• TASK TO CARRY OUT
In the entries that follow, the line with "गन्ने की पताई" opens the range and the line with "NUEVO SPEEDWAGON con" closes it; repeat that range exactly, both lines included.

• ENTRIES SUPPLIED
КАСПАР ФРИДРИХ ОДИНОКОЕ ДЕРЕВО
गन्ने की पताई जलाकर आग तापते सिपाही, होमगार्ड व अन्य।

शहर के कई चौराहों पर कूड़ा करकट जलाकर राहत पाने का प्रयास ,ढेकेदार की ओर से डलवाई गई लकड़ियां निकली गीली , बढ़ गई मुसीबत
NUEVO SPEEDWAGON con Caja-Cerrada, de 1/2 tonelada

--

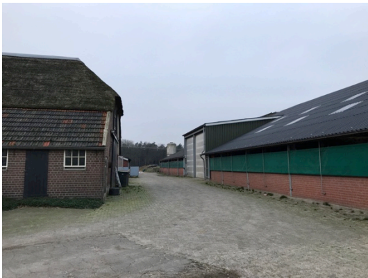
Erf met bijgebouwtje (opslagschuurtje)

• ANSWER FOR THIS EXERCISE
गन्ने की पताई जलाकर आग तापते सिपाही, होमगार्ड व अन्य।

शहर के कई चौराहों पर कूड़ा करकट जलाकर राहत पाने का प्रयास ,ढेकेदार की ओर से डलवाई गई लकड़ियां निकली गीली , बढ़ गई मुसीबत
NUEVO SPEEDWAGON con Caja-Cerrada, de 1/2 tonelada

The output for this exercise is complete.